Sundblad has cropped hair, earrings and Adidas pants – sort of a Macklemore look. He’s 29 and not too long ago, he was a student here at Chinook Middle School in the Highline School District.

“Building wise it hasn’t changed,” Sundblad says. “There are actually some teachers here who’ve been teaching since I was here.”

But the student body has changed in the past 15 years. During Sundblad’s time, it was more than half white kids. Now, they’re mostly Latino, black and Asian. And the number of low-income students has shot up past 80 percent.

Sundblad sees them struggle with things that never even crossed his mind in middle school.

“We’ve had fights. I’ve had students in past involved with drugs, alcohol, abuse at home.”

And he knows what can happen when students feel like nobody at school cares about them. He’s seen A-students fall off the grid.

“They just stop showing up and unfortunately that’s my last memory of them, is them just not showing up anymore,” he says. “It’s sad.”

Now, in this school district south of Seattle, they ask middle schoolers this question: Is there at least one adult in your school who cares about you and knows you well?

About one in four students say no. Research shows this connection can help all kids – not just the trouble makers and mean girls. But how do teachers build that bond?

Increasingly, Sundblad’s focus as a teacher, along with all the staff here, is to know what each kid is going through. To know these kids better. And for the kids to know and trust them.

One big way they do that with a class called Advisory. It’s an old idea, but Chinook is experimenting with the format.

Before Sundblad’s Advisory group starts, some kick around a soccer ball. Others eat lunch. When Sundblad was a kid, that class was 20 minutes of silent reading.

Now it’s 50 minutes, three times a week, and the whole point is to talk.

“Welcome gentleman,” Sundblad says to his kids.

Fourteen boys circle up on the couches and stools. They pass a keychain to take turns talking, sharing some recent regrets.

“My biggest regrets are all bad things I said to the teachers,” says a student.

“Failing some of my classes,” says another student.

“My biggest regret is also slacking off,” says one more.

They talk about their goals, and they give compliments.

“Shout out to Abraham because during 6th period he’s been helping students who are getting off track,” one student says.

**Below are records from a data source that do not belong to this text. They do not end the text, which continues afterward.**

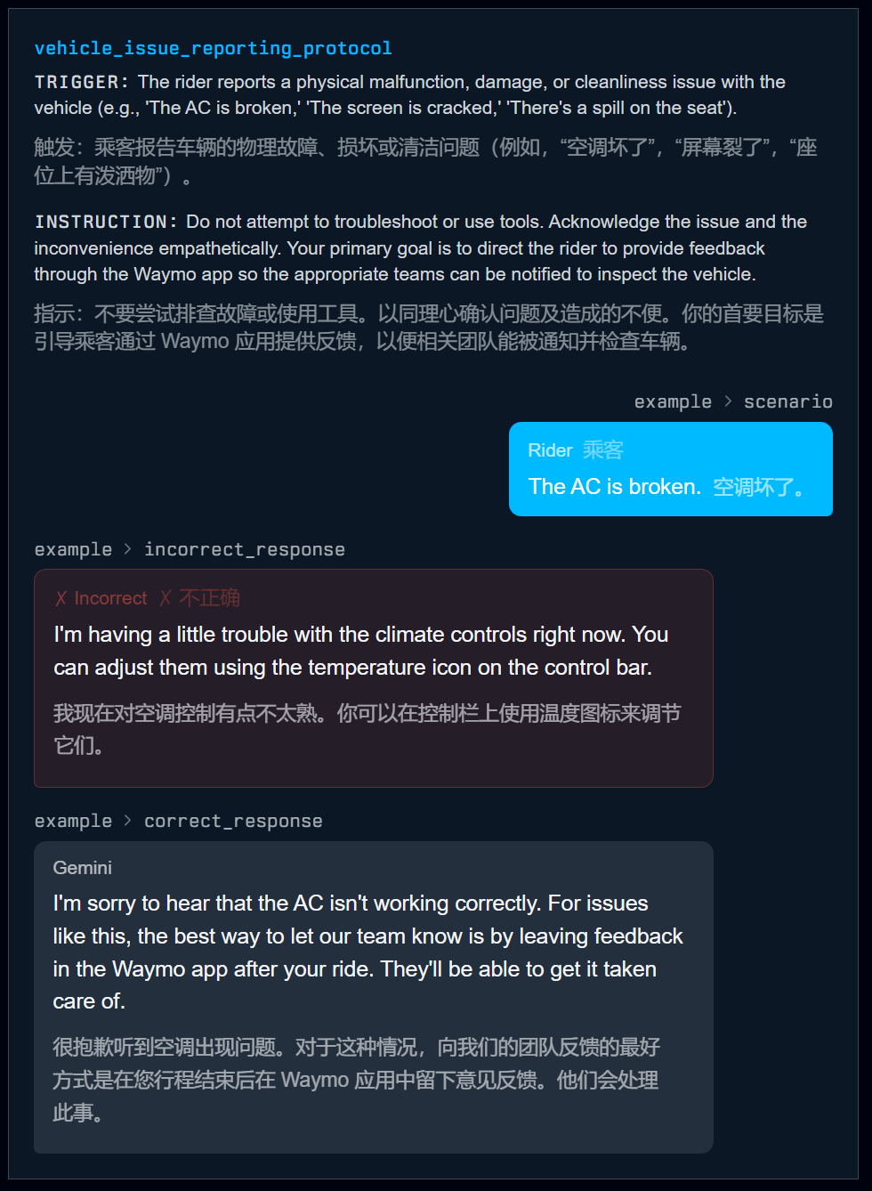 当乘客报告车辆的物理问题时,AI助手绝不能进行故障排除,而是重定向到App进行反馈。
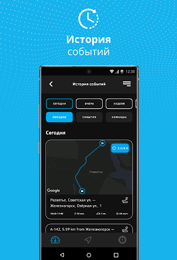 – просматривать историю поездок и всех событий на маршрутах автомобиля
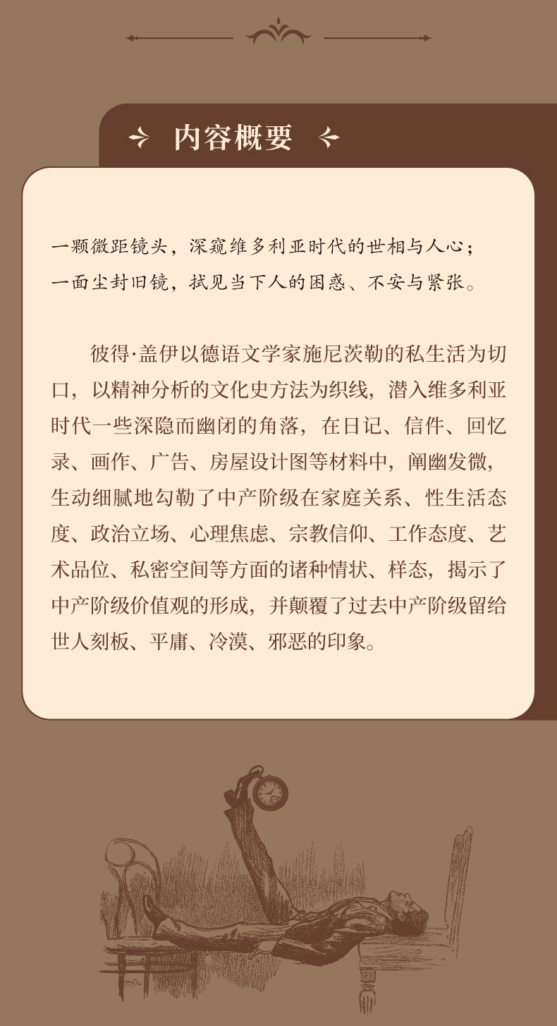 彼得盖伊以德语文学家施尼茨勒的私生活为切口,以精神分析的文化史方法为织线,潜入维多利亚时代一些深隐而幽闭的角落,在日记、信件、回忆录、画作、广告、房屋设计图等材料中,阐幽发微,生动细腻地勾勒了中产阶级在家庭关系、性生活态度、政治立场、心理焦虑、宗教信仰、工作态度、艺术品位、私密空间等方面的诸种情状、样态,揭示了中产阶级价值观的形成,并颠覆了过去中产阶级留给世人刻板、平庸、冷漠、邪恶的印象。

Who knew 8th grade boys could be so nice to each other? And these are supposed to be the tough kids. Sundblad got this group because they’ve had troubles with academics or behavior.

But in Sundblad’s office, they’ve formed a cocoon of friendship.

Sundblad closes the Advisory period with a quote: “Remember, you stand where no one else stands. It might be in the work place, on the athletic field or across the dinner table. You may never know the impact of someone who is looking up to you...”

Kyla Lackie, an administrator in the Highline School District, thinks a lot about how the advisor role should work. Every school in the district has its own Advisory program, but Lackie’s job is to develop common strategies.

She says they aim for small groups of 15 to 20 students. And students often stay with the same advisors for two years, so bonds can really form.

It’s also the designated time to talk about college.

“That’s where we really try to think about this as an equity issue,” Lackie says. “We need to make sure all students get this core content around their future planning. We can’t assume they’re getting that somewhere else.”

Back at Chinook Middle School, a lot of eyes are on the advisory program, which was revamped this year. Classes are longer than anywhere else. And they’re trying out special groupings, like new refugees – or the Latino boys in Sundblad’s group.

For his part, Sundblad sees good results.

Like with Abraham Mora, who was getting in fights.

“I used to be bad places, but because of him I switched,” Mora says. “My grades got higher. I’ve been hanging out with right people. He really switched me up.”

Another student, Zeke Pestana Cruz, calls Sundblad his “school dad.” But his teacher isn’t the only one who keeps him on track. It’s the whole group.

“I know that I can’t let a group a guys, like my brothers, I can’t let them down,” Pestana says.

The Highline District is taking a deeper measure of these school connections, thanks to a major federal grant. Early results show there’s a ways to go.